Records drawn from a dataset:
···

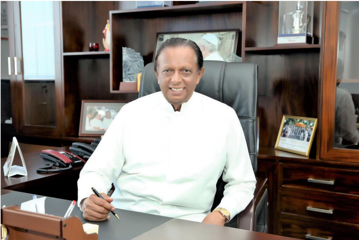
Image 2: Minister of Tourism, Wildlife and Christian Religious Affairs, Hon. John Amaratunga.
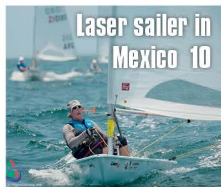
Laser sailer in Mexico 10
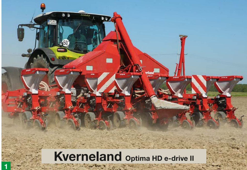
Kverneland Optima HD e-drive II

in a slight curve to prevent it from rolling. The same tube is used to empty the seeders into a tray. Excellent. Optima was the only machine that had two strippers, of which however only the top one usually needs adjusting. A Plexiglas inspection window allows the operator to check easily whether all cells are filled properly.
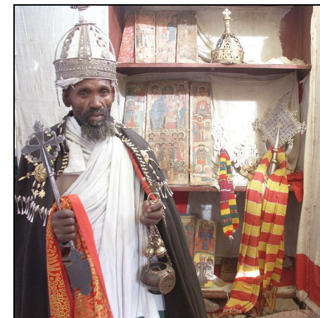
Monastery Priest, Lalibela
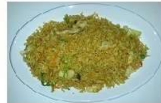
B22. Masala Fried Rice
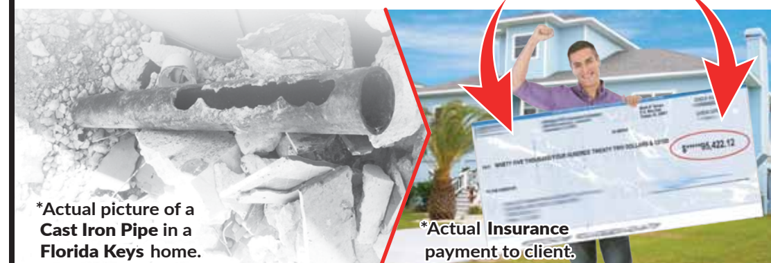
*Actual picture of a Cast Iron Pipe in a Florida Keys home.
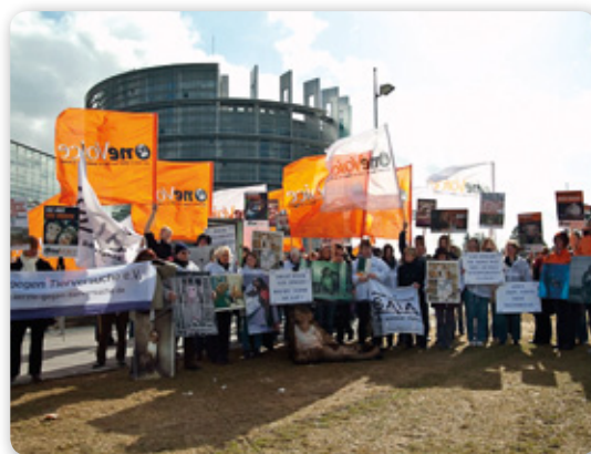
Demonstration in Strasbourg

Within our projects, we cooperate with the European Coalition to End Animal Experiments (ECEAE) and with Inter-NICHE (International Network for Humane Education).
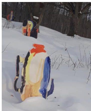
Sculpture in snow

The Art Committee would like to invite you to Nesoddparken Kunst- og Kulturnæringscenter [Nesodden art and commercial condominium] where as many as 50 artists have studios, workshops and offices. The building is surrounded by a large park area with sculptures, small paths, benches and a greenhouse.
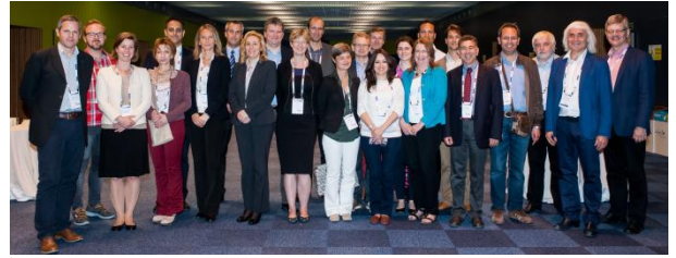
ESCMID Study Group for Antimicrobial Resistance Surveillance – ESGARS, ECCMID, Barcelona 2014
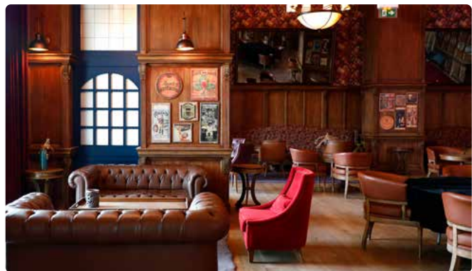
The Shamrock Irish Bar
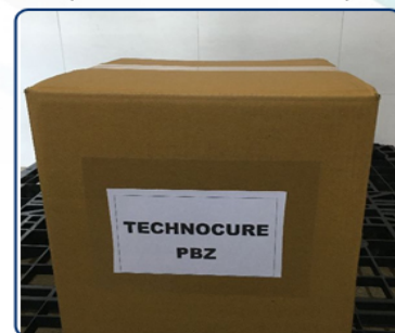
4- Phenylbenzophenone (Technocure PBZ)
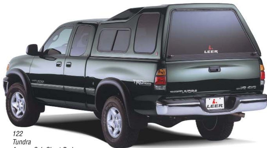
122 Tundra Access Cab Short Bed

Maximize cargo space! LEER's famous high-rise profile features an oversized rear door with double T-handle locks and comes complete with large bay windows and screened, sliding windows.
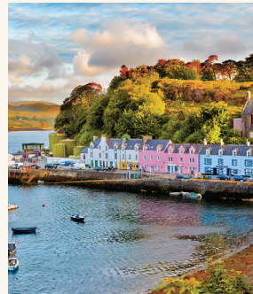
Scottish Isles & Glens 12 Days/11 Nights/18 Meals Starting from $3,481

Discover the untamed nature and rich cultural heritage of Ireland's western coast, with its spectacular ocean vistas, enchanting towns, and craftsmanship deeply rooted in tradition.
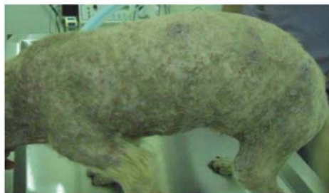
Figure 2 Generalized pustules, erythema, epidermal collarettes, and alopecia of the patient were noted pre-treatment.
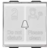
09097 - Pushbutton +2 Hotel indicators 230V
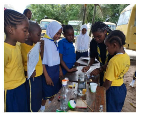
Nyamata P/S, Ilala District,
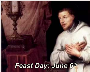
Feast Day: June 6 th

In the 12 th century in the French region of Premontre, Saint Norbert founded a religious Order known as the Praemonstratensians or the Norbertines. His founding of the Order was a monumental task: combating rampant
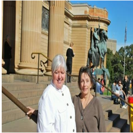
National Gallery of Art, New South Wales
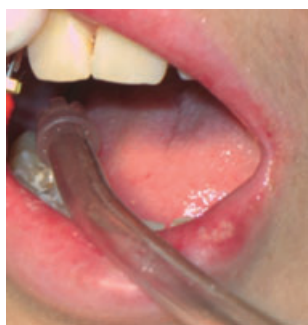
Image 10 Suction tip leaned on tooth surface to avoid mucosal sloughing.

D Extreme care of fragile tissues is important. To handle tissues, a little pressure (compressive forces) can be applied, but no sliding movements (lateral traction or other shear forces) should be used, as these can cause tissue sloughing 5,11,23 .
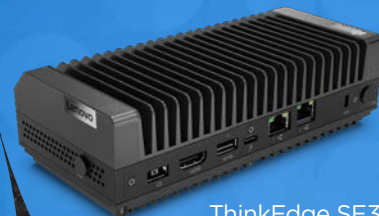
ThinkEdge SE30 designed on Intel vPro® platform

A secure gateway for protecting IoT devices against attack. All devices connected to the ThinkEdge SE30 benefit from ThinkShield protections.
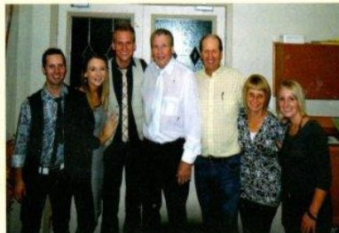
Amundrud Family Team
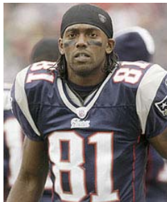
Randy Moss gets kudos from another No. 81, former Patriots and 49ers tight end Russ Francis.

I decided to call the original 81, Russ Francis, the All-Pro tight end with both the Patriots and the San Francisco 49ers. For those who don't remember, Russ was the No. 1 pick of the Patriots in 1975, played with the Patriots for six years, then went to the 49ers where he started in San Francisco's Super Bowl win over Miami in Super Bowl XIX.
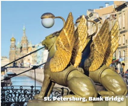
St. Petersburg, Bank Bridge
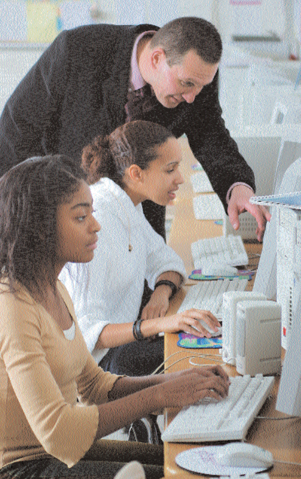
A J&W student teacher points out the latest technological advances to North Providence High School students.
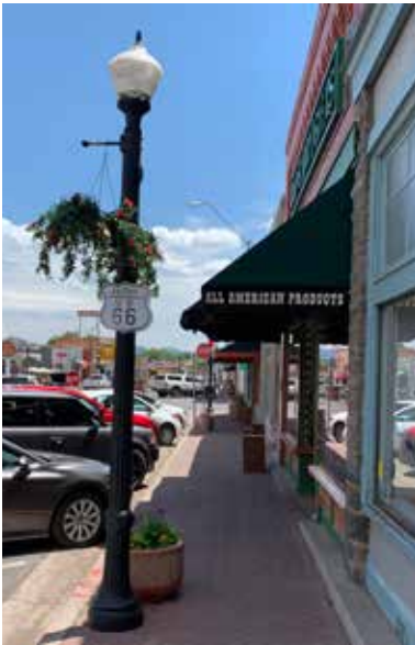
Figure 39: Awning Sign
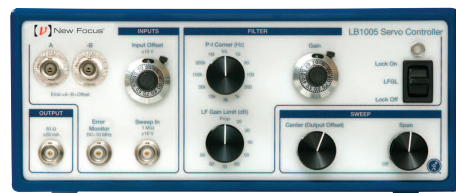
LB1005 Servo Controller
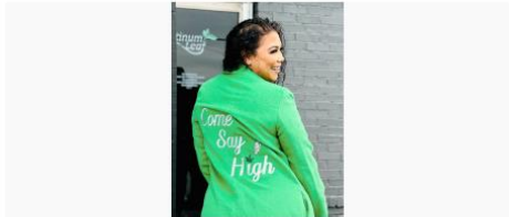
Message: Join us in welcoming Sullivan County's first Adult Use Dispensary, Platinum Leaf! On Friday, we joined the Sullivan County...
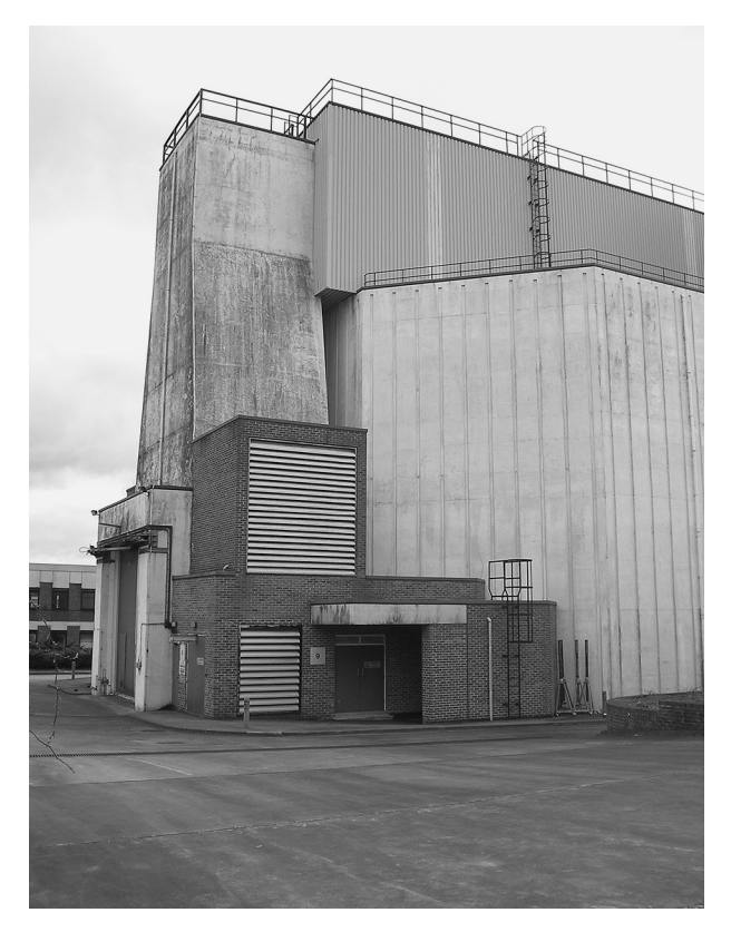
Fig 2 MoD site, Chobham Lane, Chertsey: Climatic Altitude Chamber.

of ArchaeoScape, in collaboration with SCAU, recorded Bagshot Beds overlain by Plateau Gravels, but no finds or features of archaeological interest.
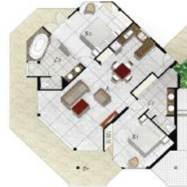
two bedroom premium residence plan (101.7 m 2 )
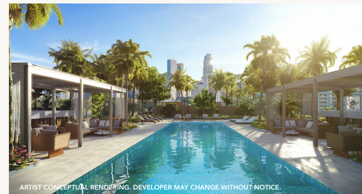
ARTIST CONCEPTUAL RENDERING. DEVELOPER MAY CHANGE WITHOUT NOTICE.
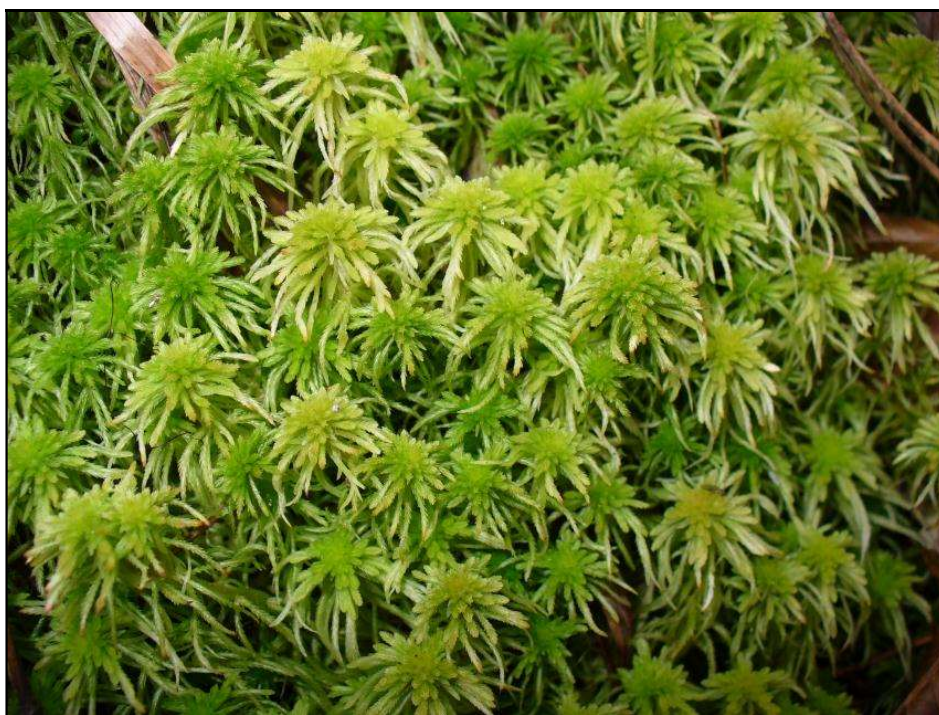
Fig. 1. The Sphagnum quinquefarium in the Ilona Valley of the Mátra Mountains in Northeast-Hungary

···

Assignment |
Within the data, how many lines hold the string "Image"? Answer with the number and nothing more.

Output for this task |
2